We find the following quote:

Various phrase-finding and indexing methods have been proposed in the past and generally, retrieval performance conclusions on the use of phrases as indexing units were inconsistent. Salton & McGill [23] suggested generating statistical phrases based on word co-occurrence and then incorporating them into document representation as additional index terms.

The Salton & McGill reference is from this book, published in 1983: http://books.google.ca/books/about/Introduction_to_modern_information_retri.html?id=7f5TAAAAMAAJ&redir_esc=y

  • From the background and summary section it seems that they acknowledge extracting keywords and key phases by co-occurance is old. What they believe they bring to the table is an efficient way to get multi-word candidates without a complex analysis of the whole document. – George White Oct 24 '13 at 2:55

This sounds literally like the textbook way of doing a search. As in, the textbook I used in my CS 553 class at Brigham Young University in Fall 2003 taught using this method.

  • 1
    My thoughts, exactly. Going through claim one, the steps seem to be: lex (although they call it 'parse'), check co-occurence, score, aggregate, sort, limit. These are all old tricks in CS. I also wonder about the line that "Claim one requires each and every step below". Does that mean that if I implement the algorithm, but I don't sort by score, or I sort by score but I use the whole list rather than just a portion of it, then I'm not infringing on the patent? – user2843307 Oct 28 '13 at 14:46
  • UYes, to infringe a claim one must do everything positively required by the claim wording. Determining what that is is usually a big part of any patent dispute. Also, the ease of implementing a invention after reading about it is not relevant in a patent ability analysis. It is hard to imagine a generic textbook provides a disclosure of this technique when, apparently, it was not specifically disclosed in the 10 references cited on the front of the patent. They include patents by IBM and Microsoft that are specific to this exact field. – George White Oct 28 '13 at 18:40

Here's a really cool web example of this very topic: http://fivefilters.org/term-extraction/

What is Term Extraction?

Term Extraction from FiveFilters.org is a free software project to help you extract terms (e.g. for use as tags) through a web service. Given some text it will return a list of terms with (hopefully) the most relevant first.

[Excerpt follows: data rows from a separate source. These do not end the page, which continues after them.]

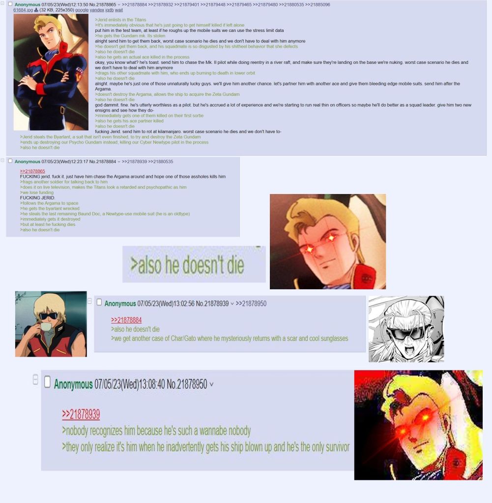 >>23784726>but I don't see the contradictionThe contradiction is that because Jerid died like a bitch at the last fight. People forget that Jerid was extremely competent as a pilot and he nearly killed Kamille like numerous times, and what I'm saying is that because that misinterpreted last bit, it's basically overwritten everything prior to reflect the misinterpretation. In Kamille's case, when you misinterpret him and take away from that that he was just kid looking to rebel against the oppression of the titans abusing thier power, You basically forget that things about Kamille like him immediately wanting to quit after the stunt he pulled with the MKii, him clinging to all these women for a pity replacement mother, because he couldn't really cope with how his actions basically got his mom killed, him irrationally putting the emotions he has for certain enemies before any of his responsible duties as soldiers etc. Basically you end up erasing the actual character growth that was there and replace it with something else to fit the misunderstanding you taken to until.
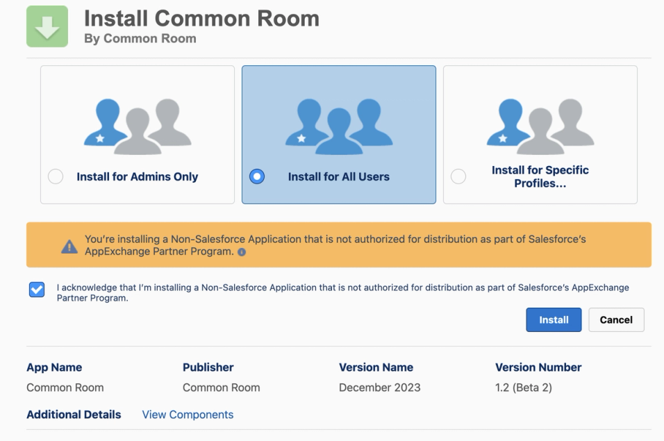 - Click "Install for All Users," or select the specific profiles you'd like to have access to the Common Room app. You can also click "View Components' to review what components will be installed in the package. The package includes Fields, Reports, and Flows which interact with the Account, Lead, Contact, Opportunity, and Opportunity Contact Role objects in Salesforce:
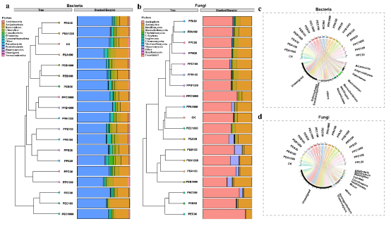 (a) 门水平上细菌相对丰度层次聚类图和堆叠柱状图;(b) 门水平上真菌相对丰度层次聚类图和堆叠柱状图;(c) 属水平上细菌相对丰度和弦图;(d) 属水平上真菌相对丰度和弦图
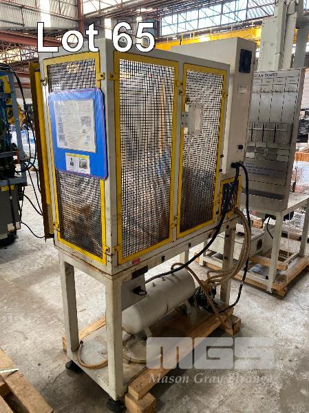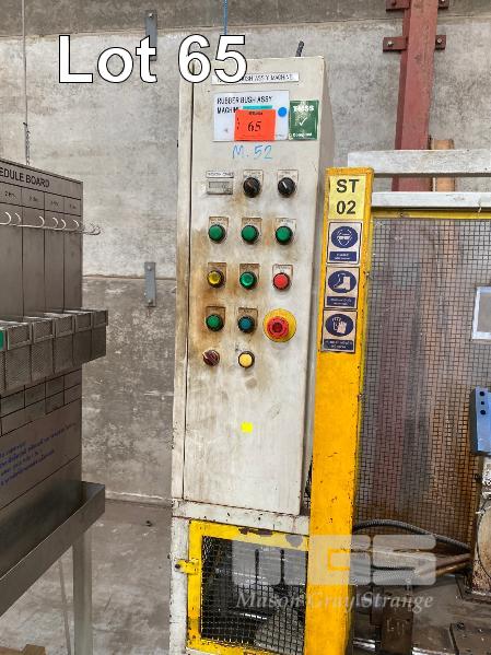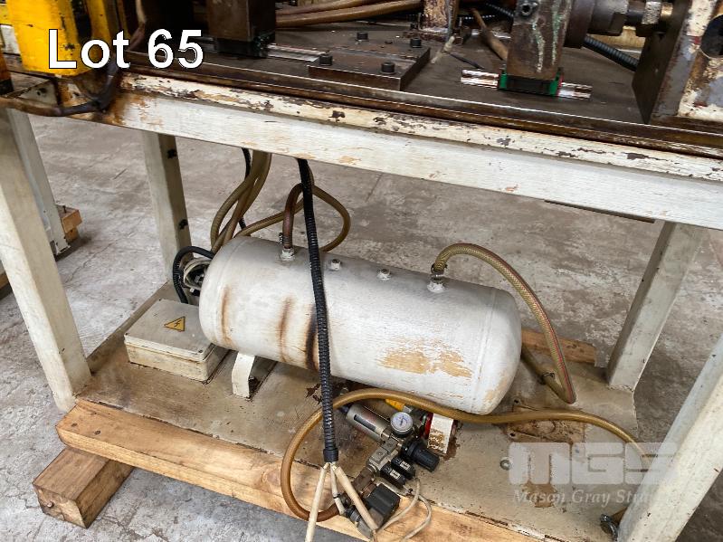 PNEUMATIC ASSEMBLY BENCH/ENCLOSURE SUIT RUBBER BUSH ASSEMBLY WITH TWIN AIR RAMS, AIR RECEIVER TANK, CONTROL BOX, ETC

Here's a PHP Tip that does very much the same, assuming you consider a web page a document..

PHP tip: How to extract keywords from a web page

April 13, 2008 Topics: PHP, Text processing Technologies: PHP 5+, UTF-8 Web page keywords characterize the page's topic for a search engine. Extracting keywords requires that you recognize the page's character encoding, strip away HTML tags, scripts, and styles, decode HTML entities, and remove unwanted punctuation, symbols, numbers, and stop words. This article shows how.



The textbook Foundations of Statistical Natural Language Processing, published in 1999, written by Christopher Manning and Hinrich Shutze might contain prior art for co-occurence.

  • Thanks for your answer! If possible, could you include a brief relevant snippet from that book? That would help anyone investigating this understand whether it's worth looking deeper into. – Matthew Haugen Dec 11 '15 at 18:55

Wouldn't Markov chains be related? Any Markov chain automatic configurator would naturally be doing step # 3 if not more.